Wests Tigers coach Jason Taylor hails young halves Mitchell Moses and Luke Brooks

by admin on July 13th, 2018

filed under 苏州美甲美睫培训学校

Tigers players celebrate a try by Luke Brooks.Jason Taylor wanted ownership from his halves. Fair to say he got it. Minus Robbie Farah, Mitchell Moses and Luke Brooks finally wrestled the keys to the Tigers back into their young hands and didn’t let their coach down. At least not yet.

“It’s part of what I’m wanting to continue … these guys taking ownership,” Taylor said. “The pressure is on them and I want the pressure to be on them.”

And how it was. Brooks bamboozled the Dragons on a couple

of occasions, a recurring theme since his sparkling NRL introduction a few years ago.

Moses was even better. He had the ball on a string from boot and out of hand, proving his diverse range of skills in one stunning second-half minute which finally put an out-of-sorts Dragons to bed.

Think the Tigers can’t make the finals with their State of Origin No.9 watching from the sidelines? Taylor says think again.

“We’re not in the semi-finals and I know these guys haven’t played in the semi-finals, but we’re having a crack at getting ourselves to there so every game can become a semi-final for us,” Taylor said. “That’s great.

“Will we make it? I don’t know. With the pressure on and knowing we need to keep playing well to get there … that’s semi-final like. And what we want to do is get these guys prepared for semi-final football. That’s the direction we’re planning to go in over the next few years.”

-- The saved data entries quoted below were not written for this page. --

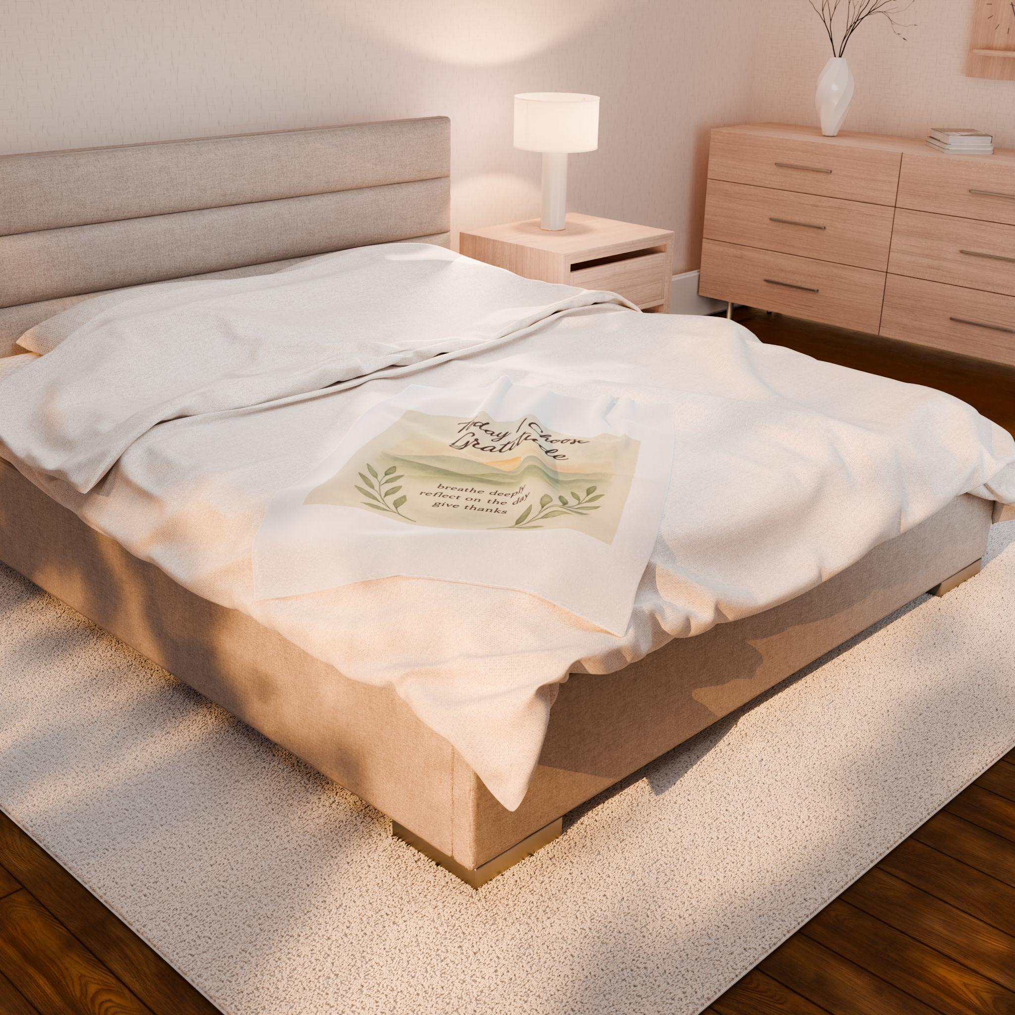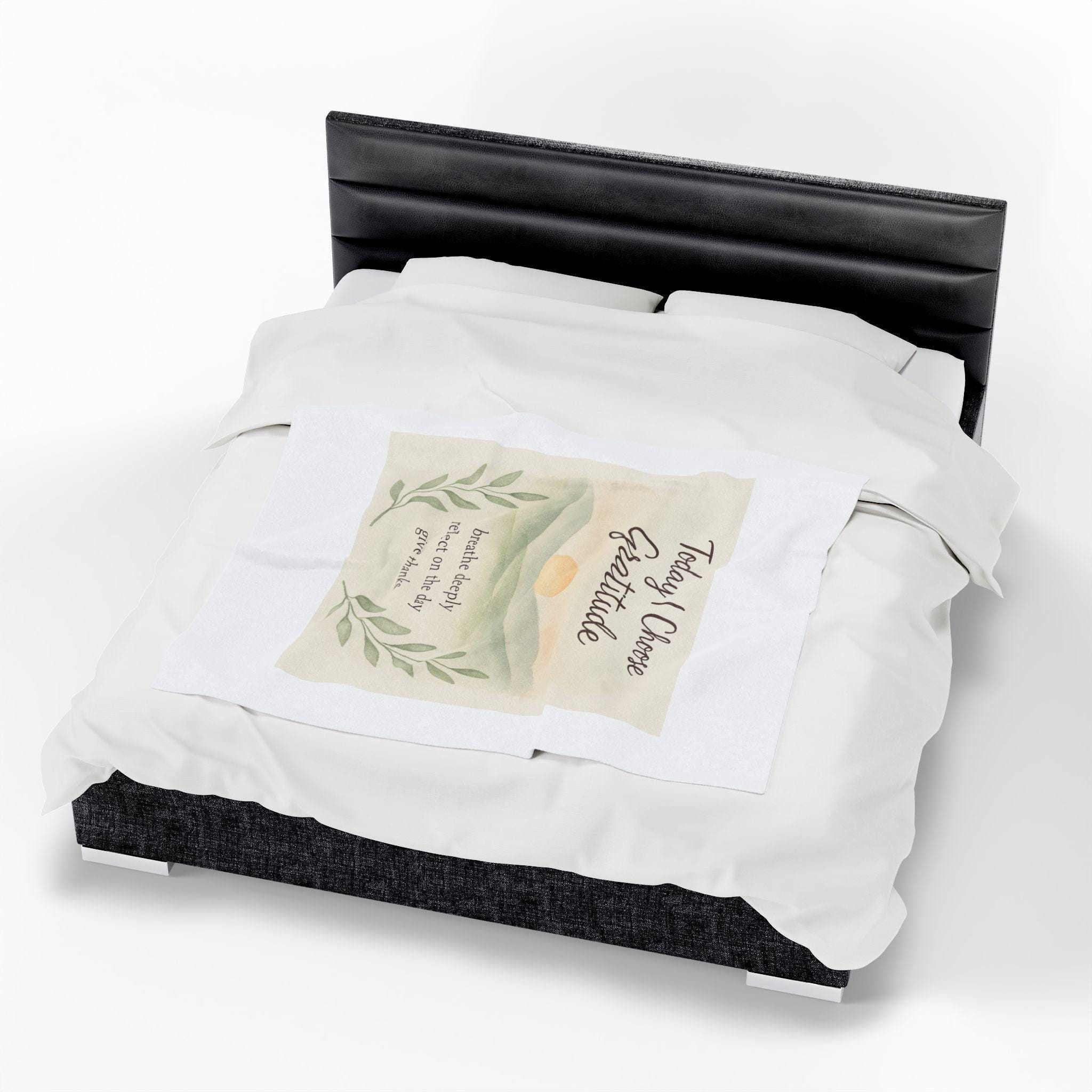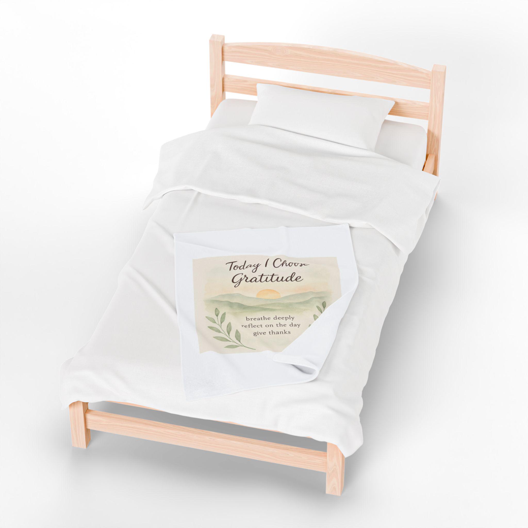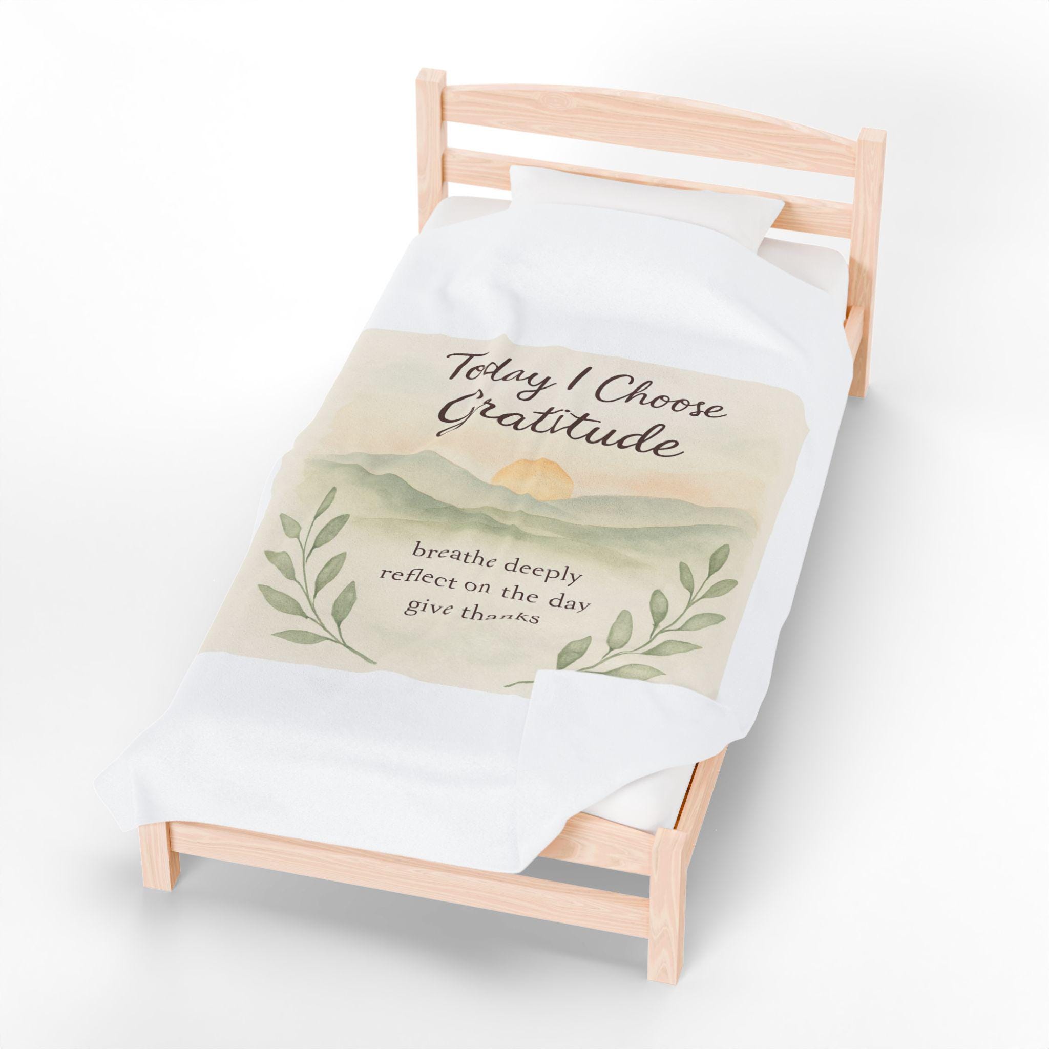 Wrap yourself in a soft, mindful moment. This velveteen plush blanket features a gentle sunrise illustration and the words “Today I Choose Gratitude,” inviting a quiet pause each morning or evening. The plush surface feels warm and soothing against the skin while the printed panel keeps the calming design front-and-center. Drape it over a favorite chair for reflective breathing sessions, tuck it around your shoulders during journaling, or spread it across your lap during slow, restorative evenings. Subtle botanical accents and muted earth tones create a peaceful atmosphere—comfort that encourages presence and gratitude rather than shouting for attention.
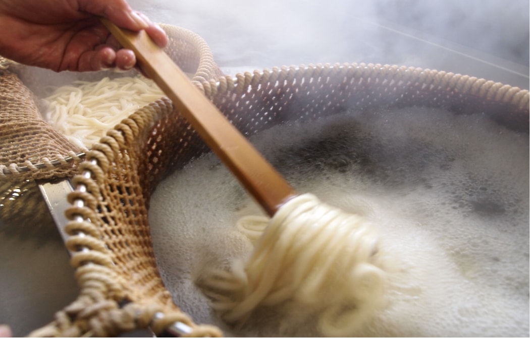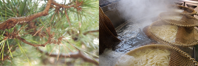 太い麺のこだわり。作るごとに違いが出る。麺は生きもの。水と塩と粉。その日の温度で大きく違う熟成。毎日塩梅が違います。
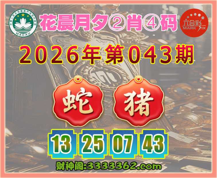 043期: 花晨月夕 🌷②肖④码🌷【猪】【13.25.07.43】开:蛇13
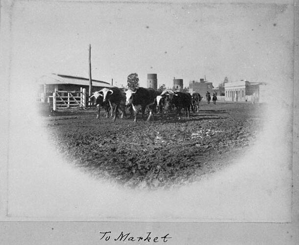 A herd of cattle in a town street. There are two horsemen in the background and two water towers in the distance.
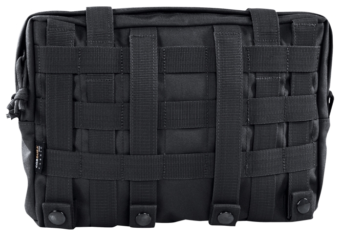 Large modular gear bag with four vertical PALS attachment loops for MOLLE system (25 mm), two compression straps with clip and four horizontal MOLLE loops on the front.
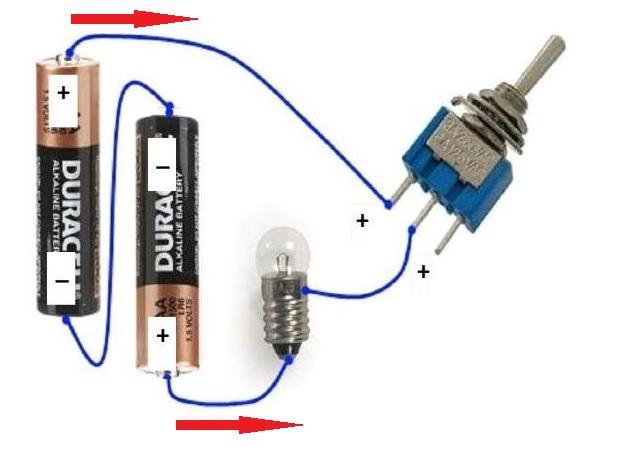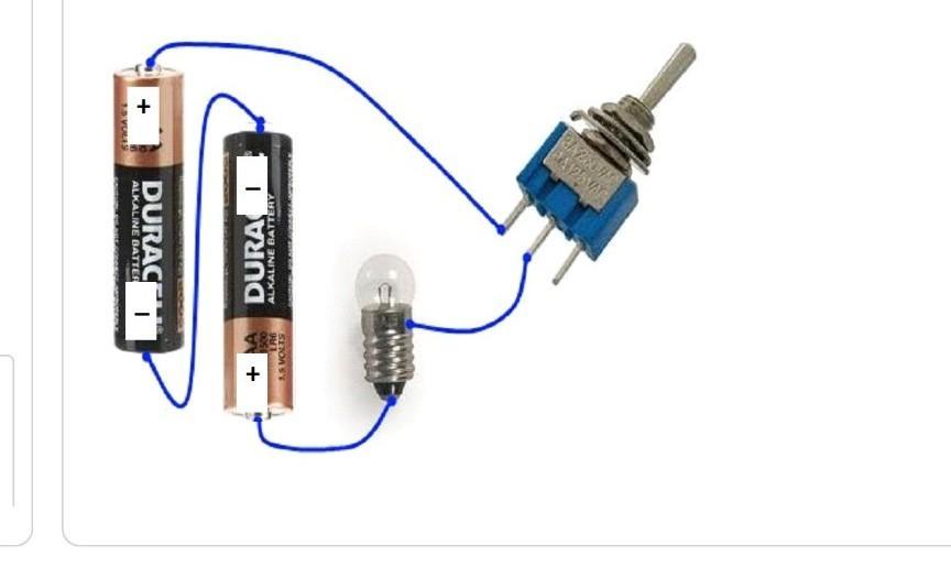 Катя предложила Марку собрать цепь с двумя одинаковыми только что купленными батарейками, чтобы получить более сильный электрический ток. Но вначале она решила проверить, будет ли в такой цепи ярче гореть лампочка. Собранная Катей цепь показана на рисунке. Она замкнула цепь переключателем.
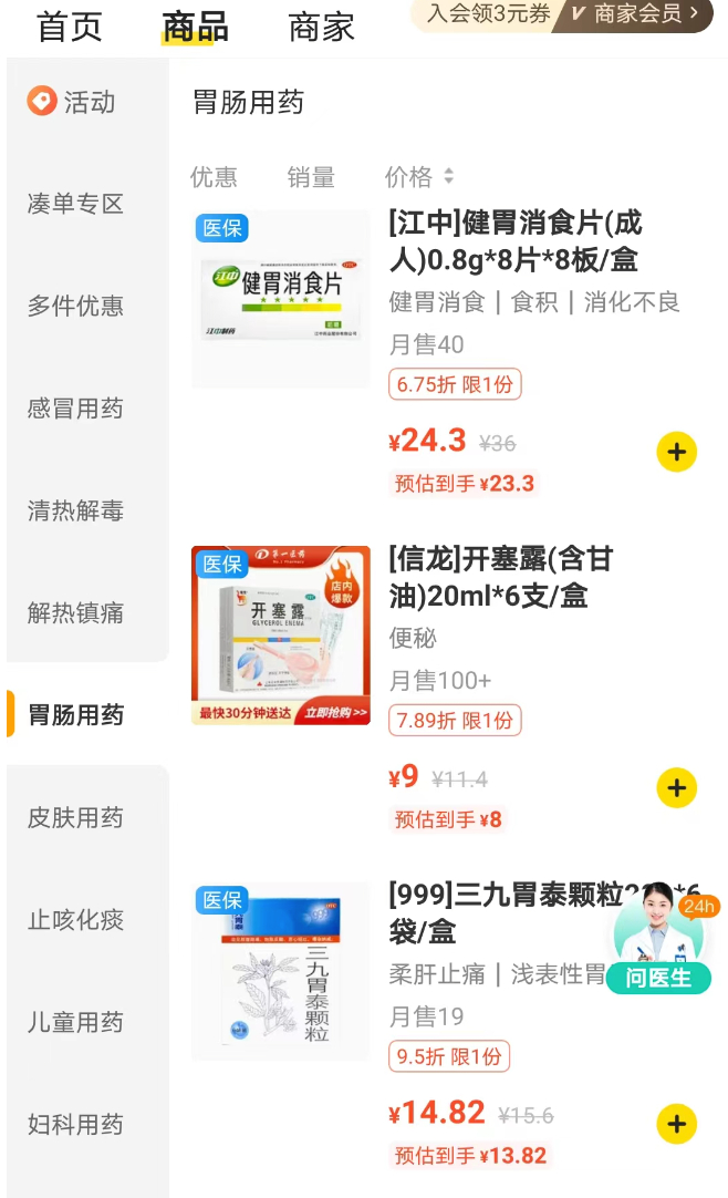 记者在第一医药(灵林店)看到,常见的胃肠药如健胃消食片、开塞露、三九胃泰颗粒等均支持医保线上支付。而在订单支付界面,系统会明确提示医保支付最高金额。
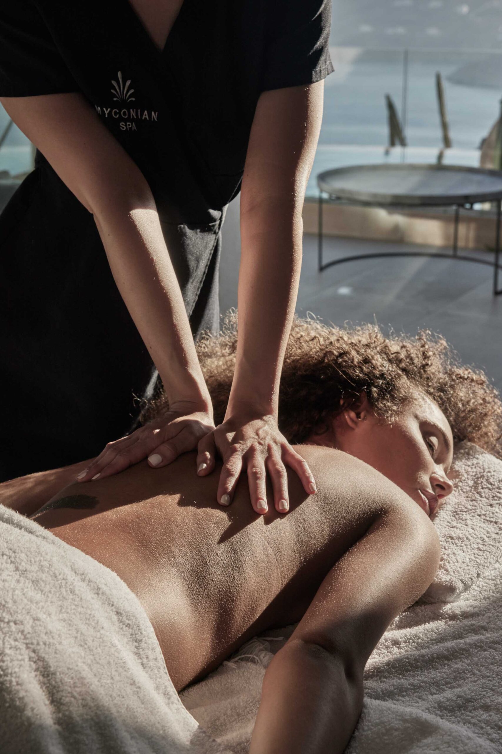 Indulge in exquisite Mykonos spa experiences with soothing spa therapies and heavenly beauty rituals grounded in the essence of Mediterranean summers and slow island living. From indulgent Mykonos massage sessions to pampering facials, our skilled spa specialists pamper you with wonderfully relaxing and rejuvenating treatments tailored to your needs, using organic local ingredients and premium products from some of the world’s foremost luxury skincare brands. Spa experiences at Panoptis Escape can be enjoyed at our hotel’s boutique spa or in the comfort of your luxe Mykonos villa.
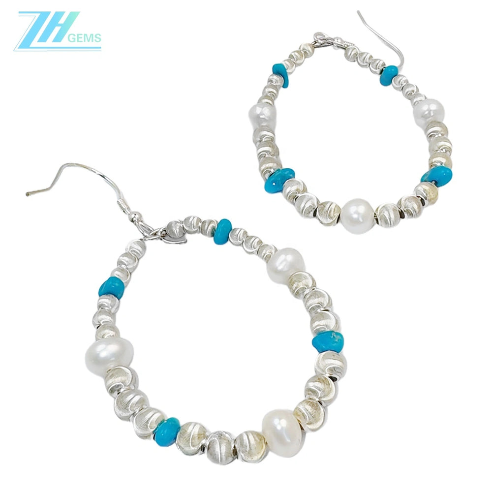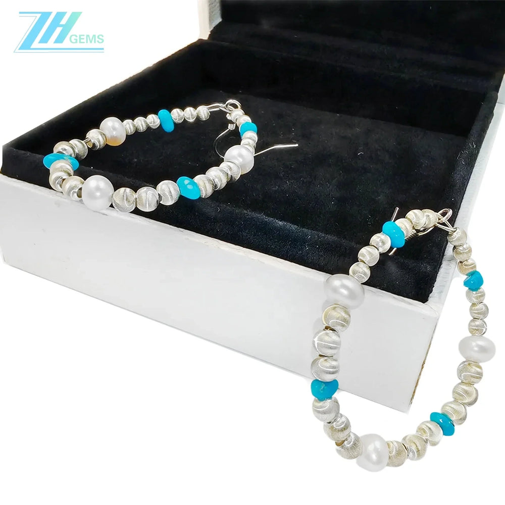 Elevate your jewelry collection with these exquisite pearl and turquoise earrings, meticulously crafted from sterling silver (S925). Each pair combines the timeless elegance of lustrous pearls with the distinctive beauty of natural turquoise stones, creating a sophisticated accessory that transitions seamlessly from everyday wear to special occasions. The expert craftsmanship ensures durability and lasting brilliance, while the versatile design complements any style. Perfect as a gift or personal indulgence, these designer-quality earrings showcase the finest in contemporary jewelry artistry.
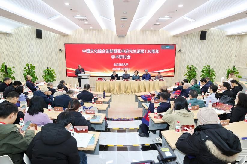 为深入贯彻习近平总书记在文化传承发展座谈会上的重要讲话,进一步推动张申府张岱年学术思想研究,在杜运辉教授《张申府先生学谱》出版之际,中国文化综合创新暨张申府先生诞辰130周年学术研讨会于2023年12月9日在北京语言大学召开。研讨会由中国哲学史学会张岱年学术思想研究专业委员会、中国哲学史学会现代哲学专业委员会、北京语言大学中国文化综合创新研究中心、河北师范大学张申府张岱年研究中心主办,大连理工大学马克思主义学院协办,北京语言大学马克思主义学院承办。来自北京大学、清华大学、中央社会主义学院、武汉大学、华东师范大学、大连理工大学、河北师范大学、上海师范大学、黑龙江大学、中南大学、天津师范大学、广西师范大学、河北经贸大学等全国高等院校和中央党校(国家行政学院)、国家民族事务委员会、国家文化和旅游部、中国社会科学院、国家图书馆、中国共产党早期北京革命活动纪念馆、北京市委党史研究室、中华社会文化发展基金会、河北人民出版社、中国社会科学出版社等单位的80余位学者参加。
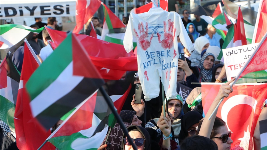 “Netanyahu 21. yüzyılın Hitleridir” yazılı pankart açıp, “Gazze’de soykırım var”, “Nehirden denize Özgür Filistin”, “Aksa özgür olana kadar Filistin’in yanındayız” yazılı dövizler taşıyan katılımcılar, Ümraniye 15 Temmuz Şehitler Meydanı’na kadar yürüdü.
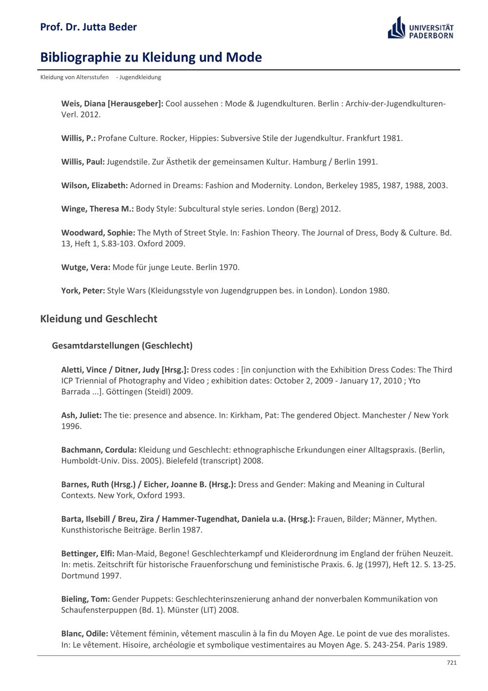 Bibliographie zu Kleidung und Mode / Prof. Dr. Jutta Beder

It’s a direction the Dragons look a long way from heading this season, albeit they are still top eight fringe dwellers and on the same points as the Tigers but burdened by an abysmal points differential, having succumbed 25-12 to the other joint venture on Sunday.

The famous Red V has also been in the headlines for all the wrong reasons as well this past week and coach Paul McGregor woke up to phone calls of support from fellow NRL coaches after an online poll showed fans want the coach axed.

“I actually didn’t read it, but I got enough phone calls from other coaches and players I’ve coached before to push it all aside I suppose,” McGregor said. “A few clubs go through it at different stages throughout the year and we’re going through it at the moment.

At times you’ve got to go through some tough times to get some success. It’s not always a straight line. There’s a lot of clubs below

us that are getting less heat than us at the moment.”

McGregor staunchly defended his record, which included the first finals appearance for the club in four years in 2015 in his first full year in charge of the NRL side.

Asked the message from his fellow coaches: “I don’t need to go into that. Everyone goes through different stages of their coaching career and you keep your chin up and try to do a good job.

“We still can make the eight and there’s a lot of other teams in the competition that can’t.”

As for the Farah-less future Taylor appears hell bent on tracking? He reckons his experiment, which saw winger Jordan Rankin moonlighting at rake to relieve the retiring Dene Halatau, is far from being hailed a success. At least not yet.

“It was never going to ball down to just this game and the result on the scoreboard and I’ve tried to work hard at saying that over the last few days,” he said. “I don’t think it’s an indication, but it’s about a direction I want to see the team keep moving towards and I saw that today.”